• Exercise description
Your task is to retype, exactly and only, the lines from the one containing "abdominal | secuencia 1" to the final line of the entries, leaving out all pictures.

• Dataset content
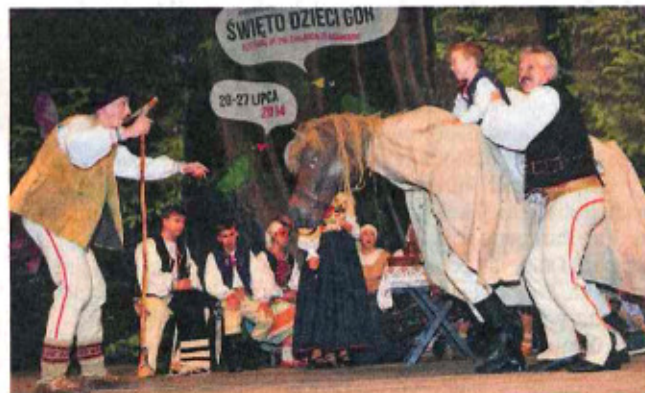
► Kyczerka zostawiła sądecczanom ważny przekaz: Nie zapomnieliśmy, skąd pochodzimy, jaka nasza wiara i kultura

To dobrze, że organizatorzy festiwalu skojarzyli w jeden dzień narody Greków i Łemków. Oba te narody mają w duszy wspomnienia własnej wielkości i tęsknotę za nią. Grecki zespół Pyrsos pochodzi ze starożytnego miasta o tej samej nazwie. W programie pokazanym we wtorek w hali MOSiR mnóstwo było odniesień do liczącej wiele tysięcy historii narodu, w której były momenty krwawe, walka o byt i tożsamość. Przypominały o tym m.in. zbroje i krótkie szable tańczących bojowo chłopców przypomina-
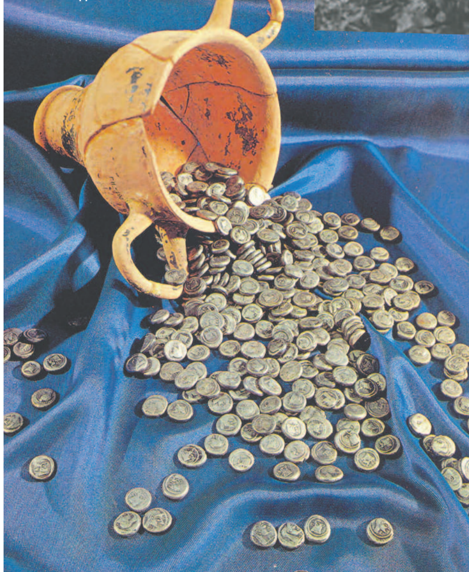
Античный сосуд с греческими монетами, т.н. «колхидками»

стоянии от берега, рыбаки давно производят сборище устриц и мидий руками со стен огромной башни, выдающейся с глубины около 10 метров и, кажется, на расстоянии до 200 саженой от берега; башня эта не доходит метра три до поверхности».
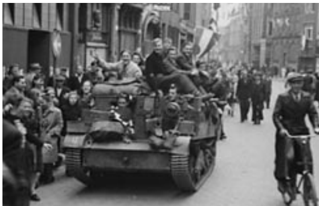
Civils néerlandais célébrant la libération, 1945.

Le Festival canadien des tulipes, qui est reconnu pour être le plus grand festival de tulipes au monde, est un événement majeur organisé chaque année à Ottawa. Plus d'un million de tulipes fleuriront cette année du 8 au 18 mai : ottawatourism.ca/fr
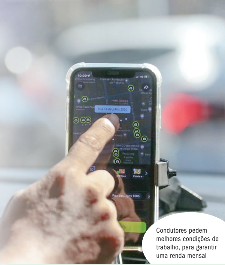
Condutores pedem melhores condições de trabalho, para garantir uma renda mensal

A paralisação foi convocada pela Fembrapp (Federação dos
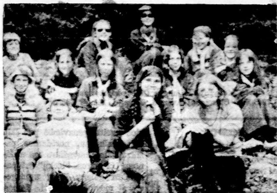
Montrealio lietuvės skautės savo stovykloje.
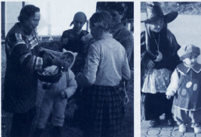
Malo upanja za oživitev Republike pa je še. Mokronajzarjev fotoaparati je ujel skupinico maškar, ki so razveselile babico v Šavrgasi.
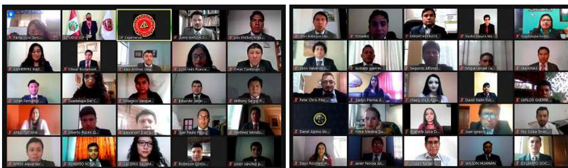
Ceremonia de Colegiatura mes de noviembre 2020
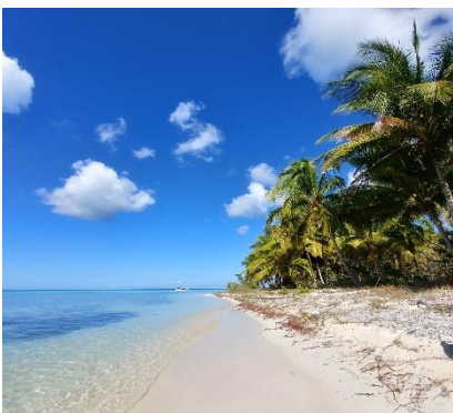
La splendida isola di Saona
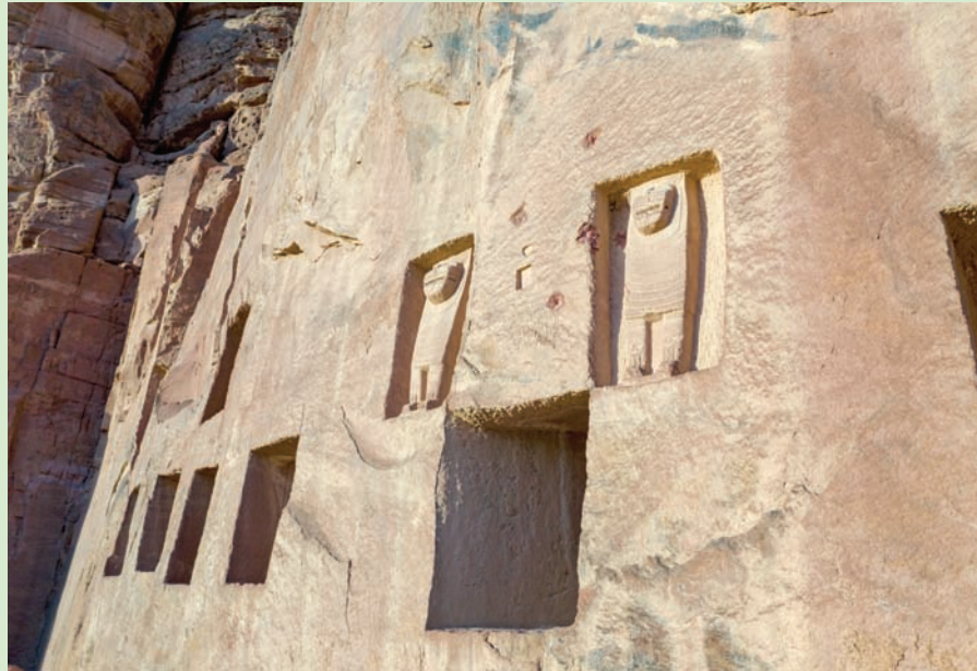
ستطلق خلال القمة جائزة «معهد الممالك» للآثار (الهيئة الملكية للعلا)
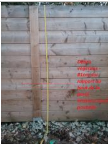
débris de végétaux sur la paroi en bois au fond du local poubelle du chemin du pont du tonnerre.

NIVELLEMENT SPC SACN. LE SPC N'EST PAS GÉOMÈTRE EXPERT, LES COTES SONT DONNÉES À TITRE INDICATIF. - 23/05/2025
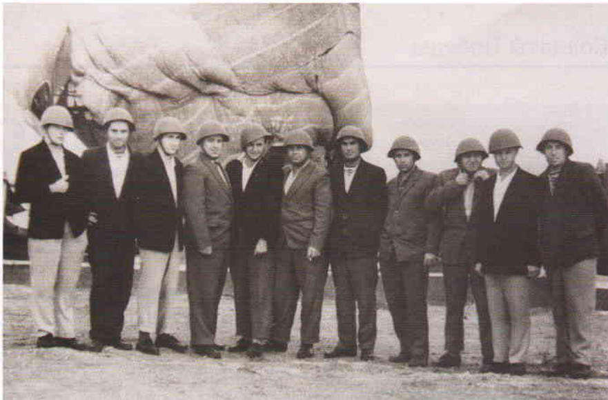
Фото на память на фоне замаскированной военной техники в день приезда Ф. Кастро в расположение советских «штатских» специалистов. Октябрь 1962 года

2 марта 2019 года на площадке Музея-мемориала В.И. Ленина в рамках выставочного проекта «Символы
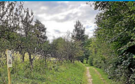
Neugestaltung des Panoramaweges
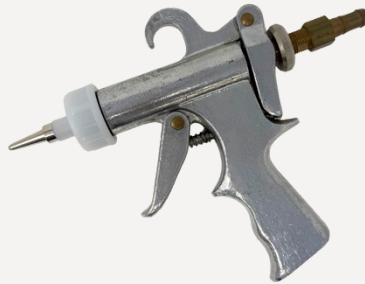
9902 ピストル型グルーガン
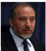
أفغيدور ليبرمان وزير الدفاع الإسرائيلي

«نستطيع إعادة إصدار تأشيرات دخول السوريين تركيا، إذا نجحنا في تشكيل مناطق آمنة للسوريين، وعادوا إلى أرضهم، وأسسنا سوريا آمنة قريباً، وتوقفت الاضطرابات السياسية».
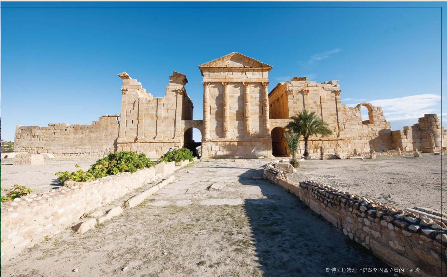
斯特贝拉遗址上仍然坚固矗立着的三神殿
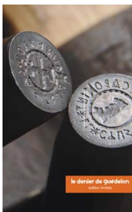
le denier de guédelon
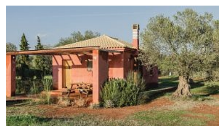
Nachhaltiger Farmstay in Griechenland – Zu Gast auf der Eumelia Organic Farm
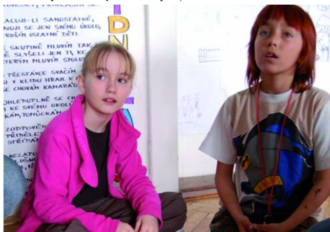
Exkurze na ZŠ Jesenice
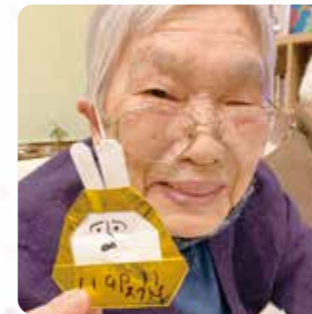
飾り付けも手作りです！
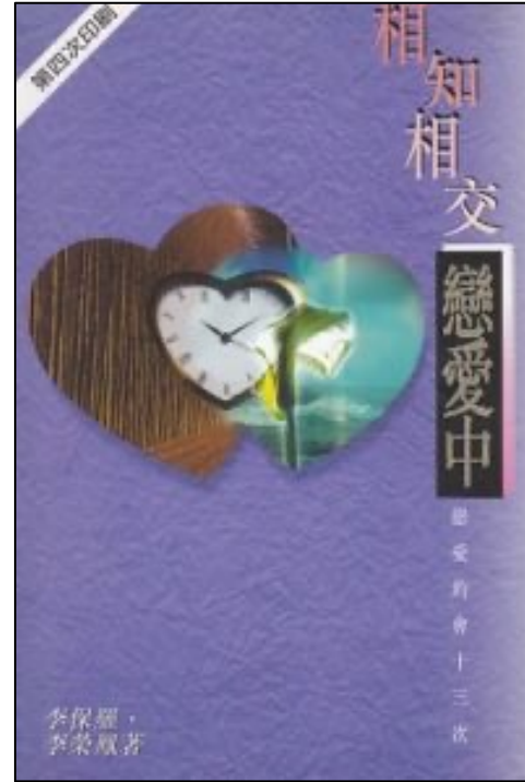
相知相交戀愛中：戀愛約會十三次 (1995) 出版社：天道書樓 作者：李保羅、李榮鳳
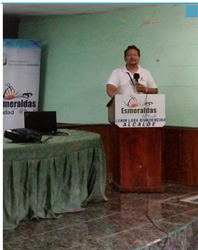
La Delegación Provincial de la Defensoría del Pueblo, trabajó directamente con el Ministerio de Relaciones Exteriores y el GAD Municipal de Esmeraldas en socializar el Rol de la Defensoría del Pueblo en Movilidad Humana.

De esta manera la institución trabaja en el territorio a través de las coordinaciones generales zonales y las delegaciones provinciales, a las que se les ha otorgado las mismas atribuciones y responsabilidades para la tutela y promoción de los derechos humanos y de la naturaleza.
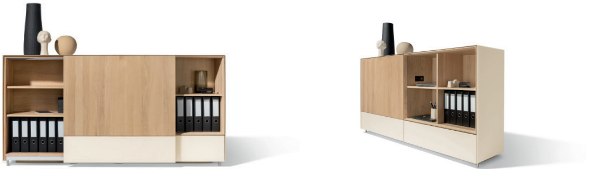
cubus pure Anrichte mit flächenbündiger Schiebetür und Farbglass-Elementen
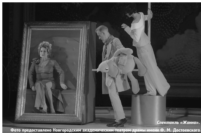
Спектакль «Жанна».

Можно сказать, что при всей своей контрастности могильный камень и богатая постель – две стороны одной большой беды отцов и их детей. Ведь, по сути,
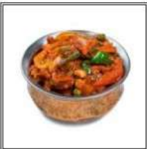
МИКС ВЕДЖ ДЖАЛФРЕЗИ / MIX VEG
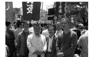
こちらも中央メーデーの様子。スズキ労連からも、元気に8名が参加。
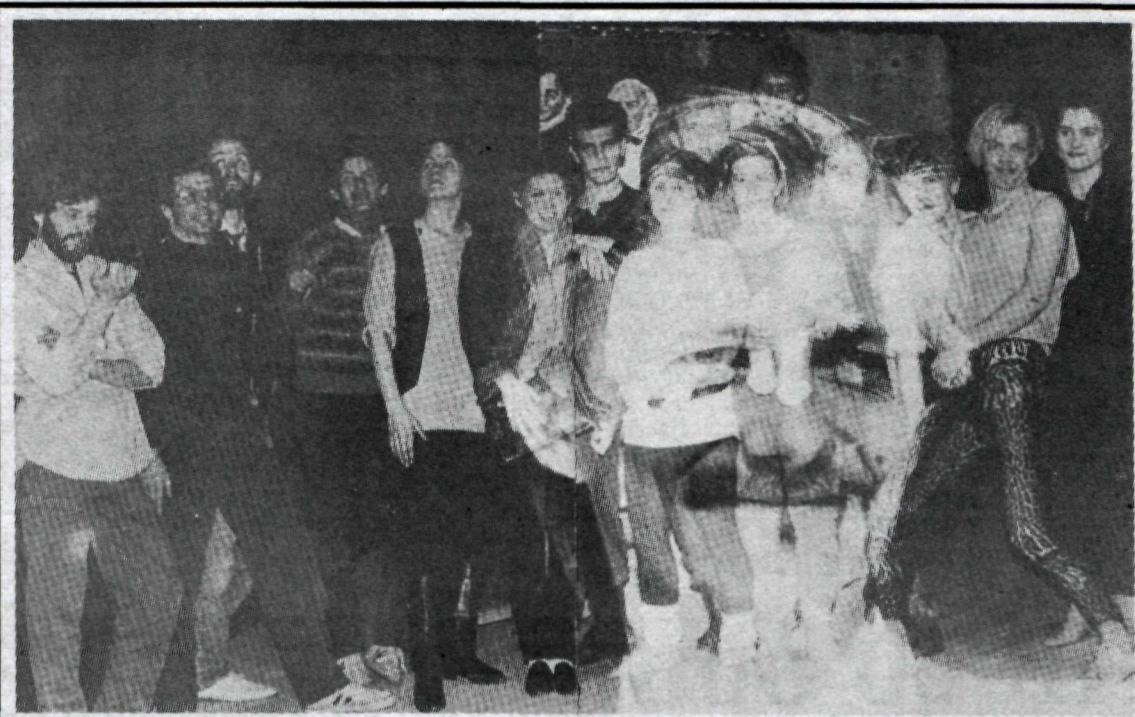
Nýútskrifaður leikhópur Nemendaleikhússins.
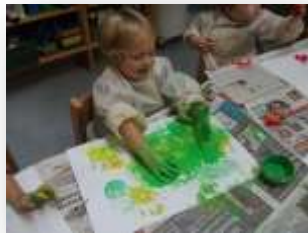
Entwicklungs- und Bildungsbereich: Sinne

Folgende Bildungs- und Entwicklungsbereiche aus dem Orientierungsplan werden in unserer Einrichtung umgesetzt:
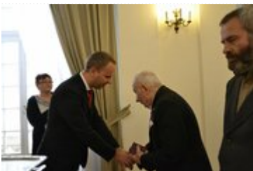
Wojewoda dokonuje aktu dekoracji
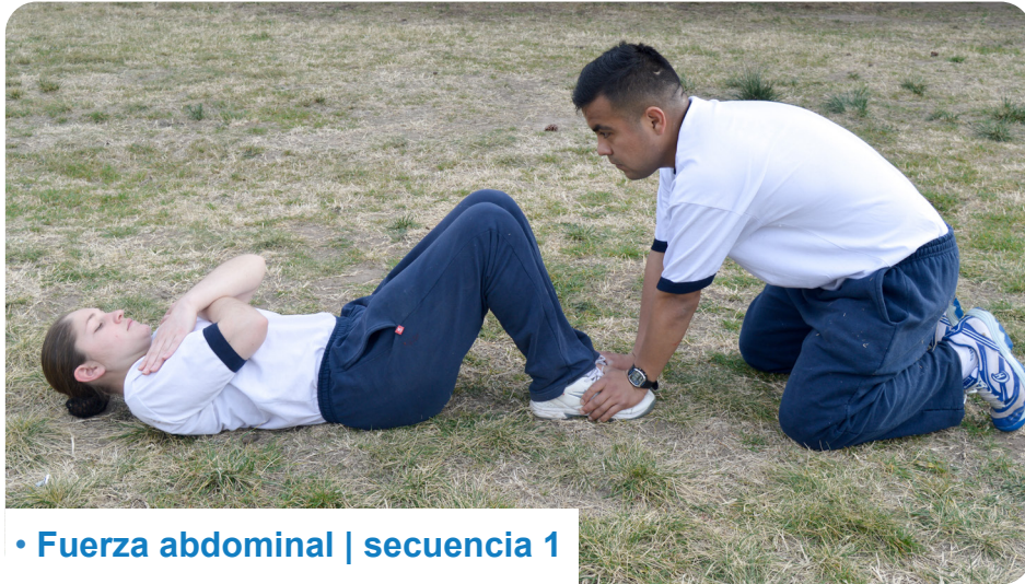
• Fuerza abdominal | secuencia 1
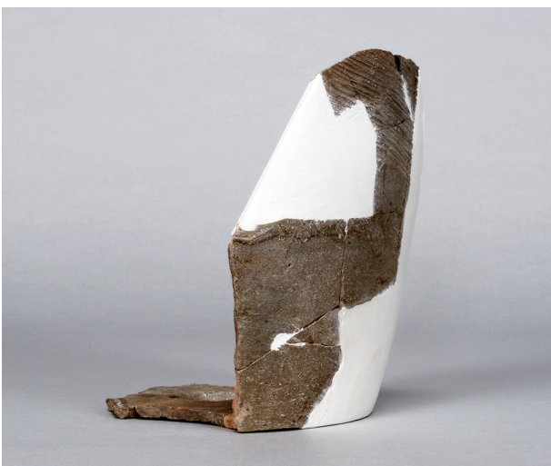
4 第 420 号土壙 (第 404 図 188)
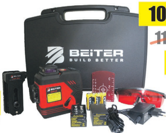
Laser krzyżowy LK-1VH PRO
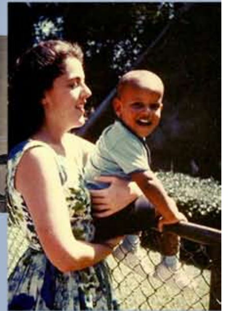
باراك الفتى مع أمه آن دونهام، حوالي سنة 1963.
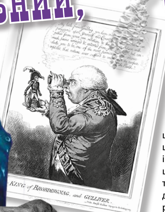
KING of BROBDINGNAG, and GULLIVER. in the People called Lilliput in the Kingdom of Lilliput.
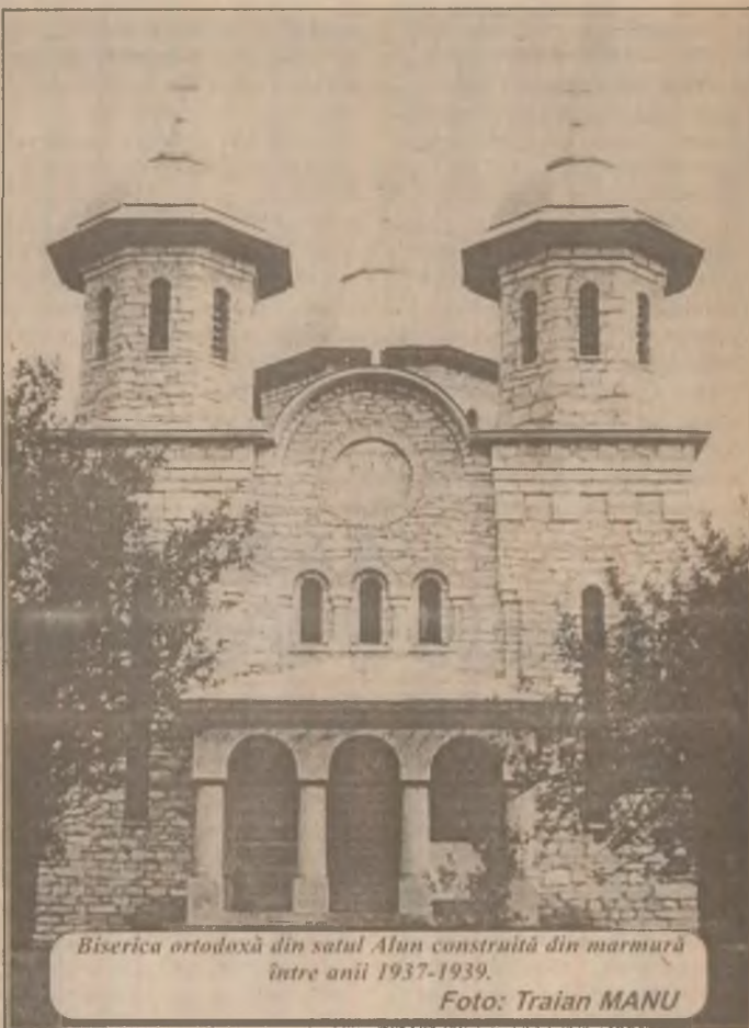
Biserica ortodoxă din satul Alun construită din marmură între anii 1937-1939.

• Exercise solution
• Fuerza abdominal | secuencia 1
4 第 420 号土壙 (第 404 図 188)
Laser krzyżowy LK-1VH PRO
باراك الفتى مع أمه آن دونهام، حوالي سنة 1963.
KING of BROBDINGNAG, and GULLIVER. in the People called Lilliput in the Kingdom of Lilliput.
Biserica ortodoxă din satul Alun construită din marmură între anii 1937-1939.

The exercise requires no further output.